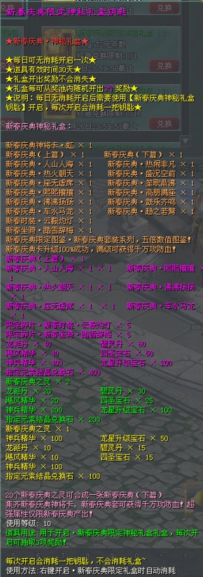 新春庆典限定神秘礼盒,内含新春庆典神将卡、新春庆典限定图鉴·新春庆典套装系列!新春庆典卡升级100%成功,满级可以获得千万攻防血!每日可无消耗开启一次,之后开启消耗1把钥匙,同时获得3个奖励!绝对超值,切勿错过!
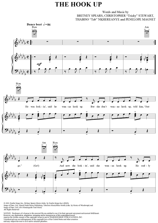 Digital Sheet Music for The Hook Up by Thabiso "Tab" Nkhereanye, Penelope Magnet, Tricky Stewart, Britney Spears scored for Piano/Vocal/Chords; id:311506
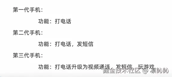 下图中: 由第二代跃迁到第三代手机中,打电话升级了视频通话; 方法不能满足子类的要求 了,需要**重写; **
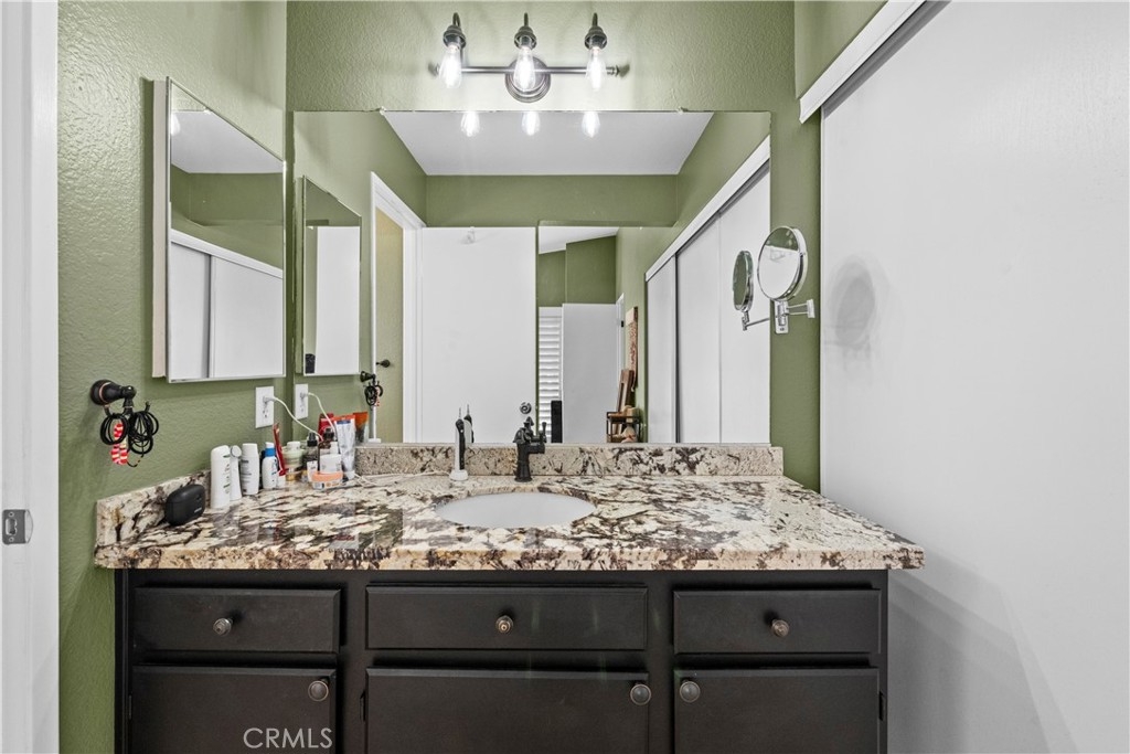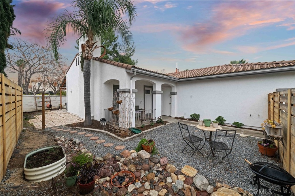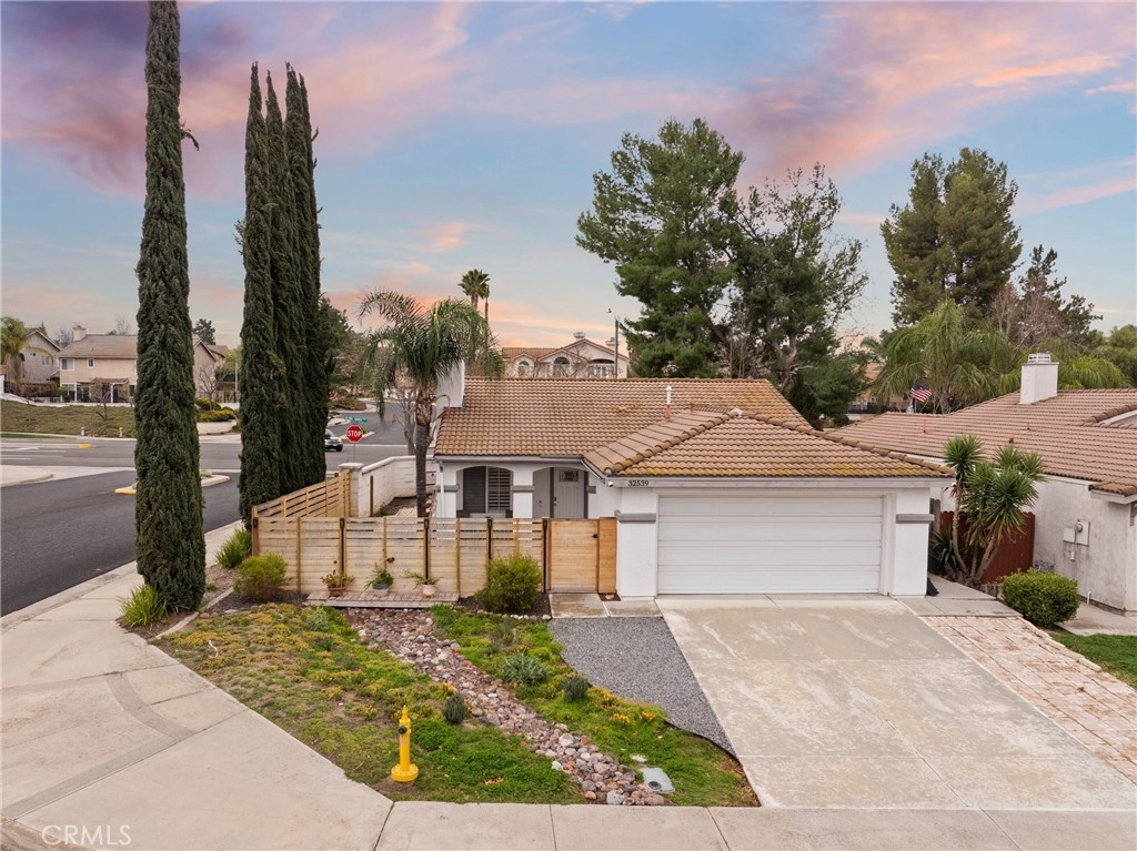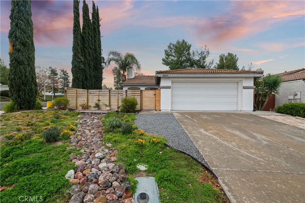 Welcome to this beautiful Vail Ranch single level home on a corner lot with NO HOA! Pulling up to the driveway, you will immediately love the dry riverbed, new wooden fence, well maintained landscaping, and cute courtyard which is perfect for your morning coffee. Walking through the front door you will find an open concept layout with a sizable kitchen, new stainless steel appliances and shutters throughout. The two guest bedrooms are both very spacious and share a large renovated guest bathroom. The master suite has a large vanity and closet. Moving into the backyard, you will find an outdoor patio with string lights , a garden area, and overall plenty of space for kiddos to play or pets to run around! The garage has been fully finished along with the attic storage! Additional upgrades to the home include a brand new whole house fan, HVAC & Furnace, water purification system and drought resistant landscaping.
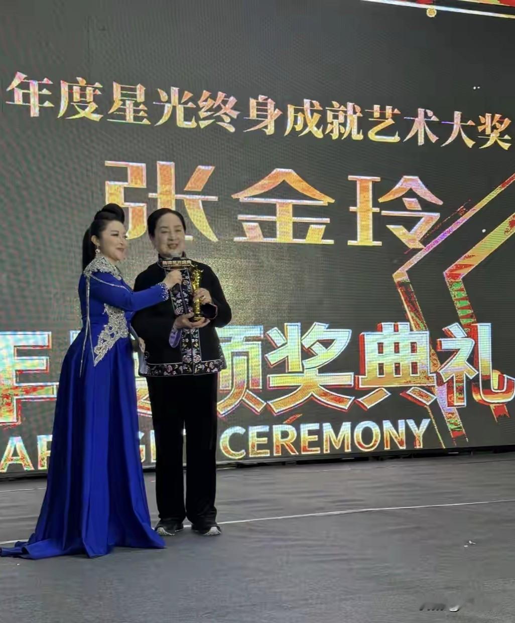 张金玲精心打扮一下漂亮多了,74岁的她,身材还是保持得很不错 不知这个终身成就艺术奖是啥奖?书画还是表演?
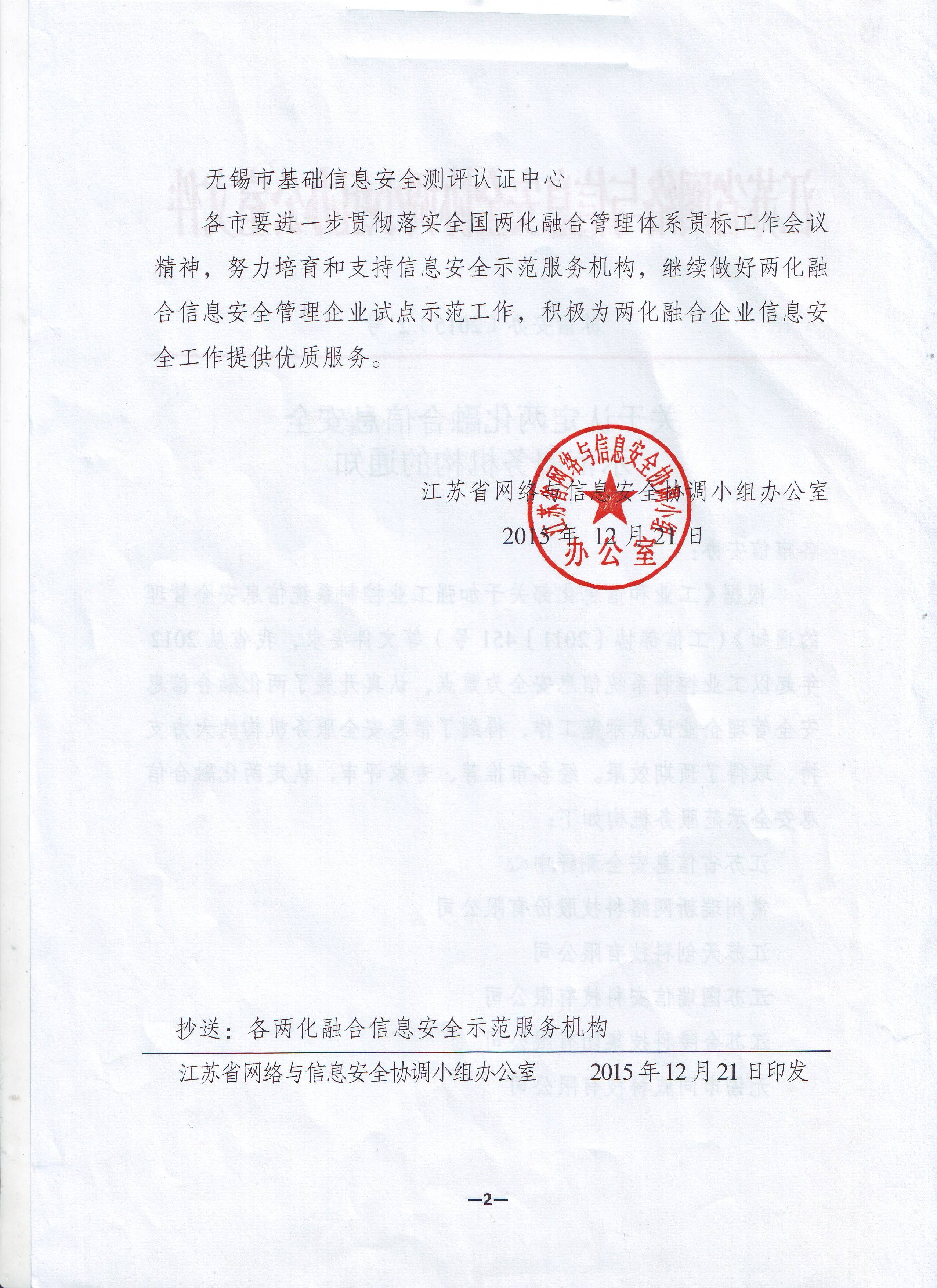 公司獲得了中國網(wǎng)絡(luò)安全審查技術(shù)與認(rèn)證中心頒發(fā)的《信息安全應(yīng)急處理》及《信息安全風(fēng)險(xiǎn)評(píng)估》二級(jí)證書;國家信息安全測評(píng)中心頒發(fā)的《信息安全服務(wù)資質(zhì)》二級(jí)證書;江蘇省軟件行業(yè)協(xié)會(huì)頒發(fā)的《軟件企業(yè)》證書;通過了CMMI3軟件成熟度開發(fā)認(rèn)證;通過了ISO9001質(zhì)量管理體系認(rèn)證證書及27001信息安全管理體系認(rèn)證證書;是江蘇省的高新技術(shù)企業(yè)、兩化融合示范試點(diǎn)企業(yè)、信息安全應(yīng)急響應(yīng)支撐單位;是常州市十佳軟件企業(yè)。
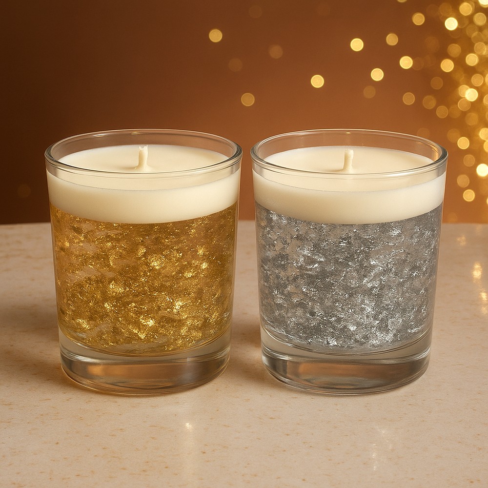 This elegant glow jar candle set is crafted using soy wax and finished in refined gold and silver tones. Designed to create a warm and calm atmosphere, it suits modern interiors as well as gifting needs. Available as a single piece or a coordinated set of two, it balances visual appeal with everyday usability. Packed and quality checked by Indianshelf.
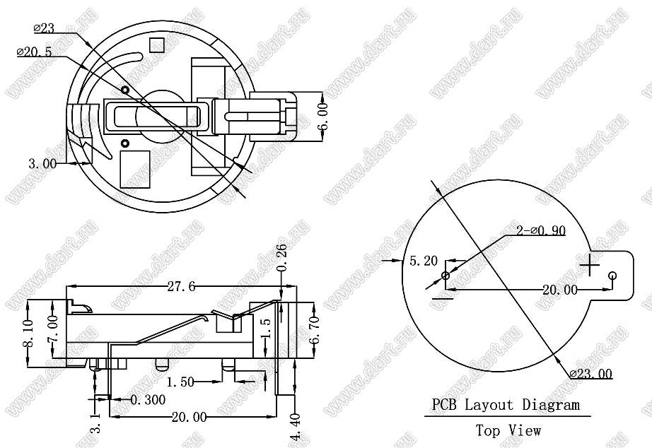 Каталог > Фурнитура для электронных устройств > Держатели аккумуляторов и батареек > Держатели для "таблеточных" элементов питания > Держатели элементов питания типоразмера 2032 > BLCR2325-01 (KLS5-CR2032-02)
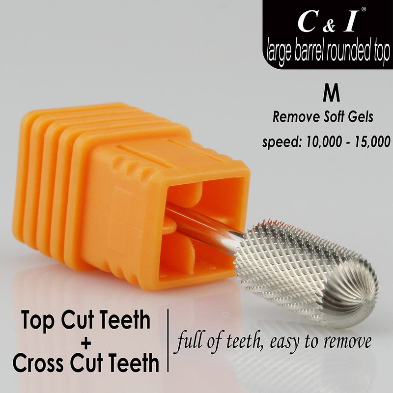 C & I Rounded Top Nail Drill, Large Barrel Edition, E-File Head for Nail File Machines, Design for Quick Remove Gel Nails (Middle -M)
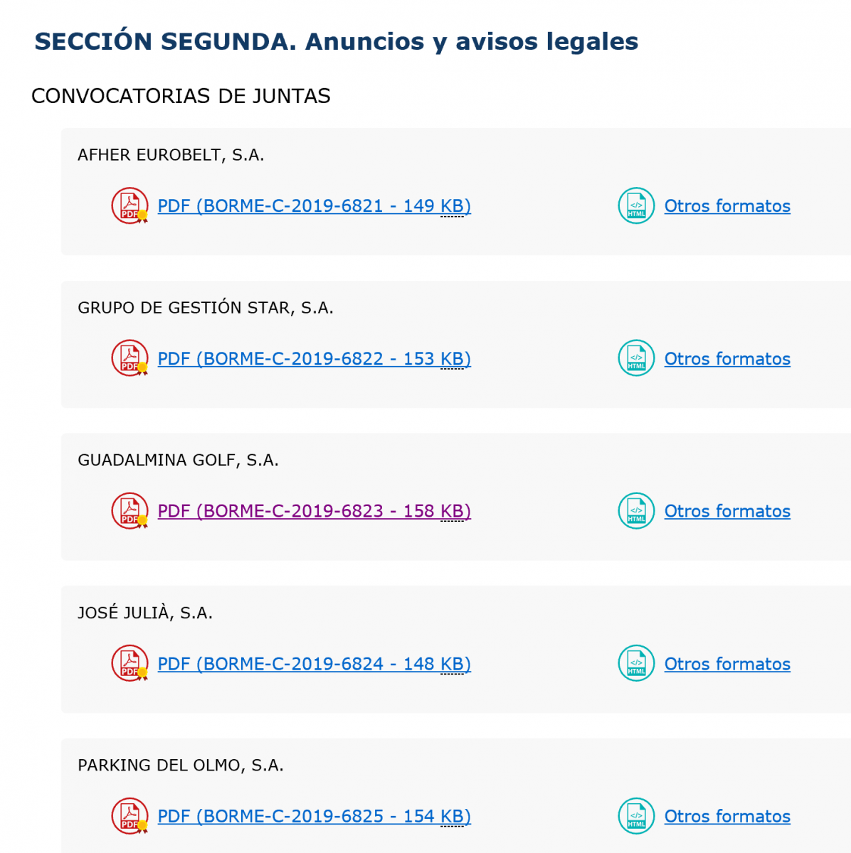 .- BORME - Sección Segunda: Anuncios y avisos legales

# [WHAT IS NEEDED]
Please repeat, exactly as written, the lines in the records above, starting with the one that has "This elegant glow" and going on through the one that has "Каталог > Фурнитура". Pictures are to be left out.

# [RESULT FOR THIS TASK]
 This elegant glow jar candle set is crafted using soy wax and finished in refined gold and silver tones. Designed to create a warm and calm atmosphere, it suits modern interiors as well as gifting needs. Available as a single piece or a coordinated set of two, it balances visual appeal with everyday usability. Packed and quality checked by Indianshelf.
 Каталог > Фурнитура для электронных устройств > Держатели аккумуляторов и батареек > Держатели для "таблеточных" элементов питания > Держатели элементов питания типоразмера 2032 > BLCR2325-01 (KLS5-CR2032-02)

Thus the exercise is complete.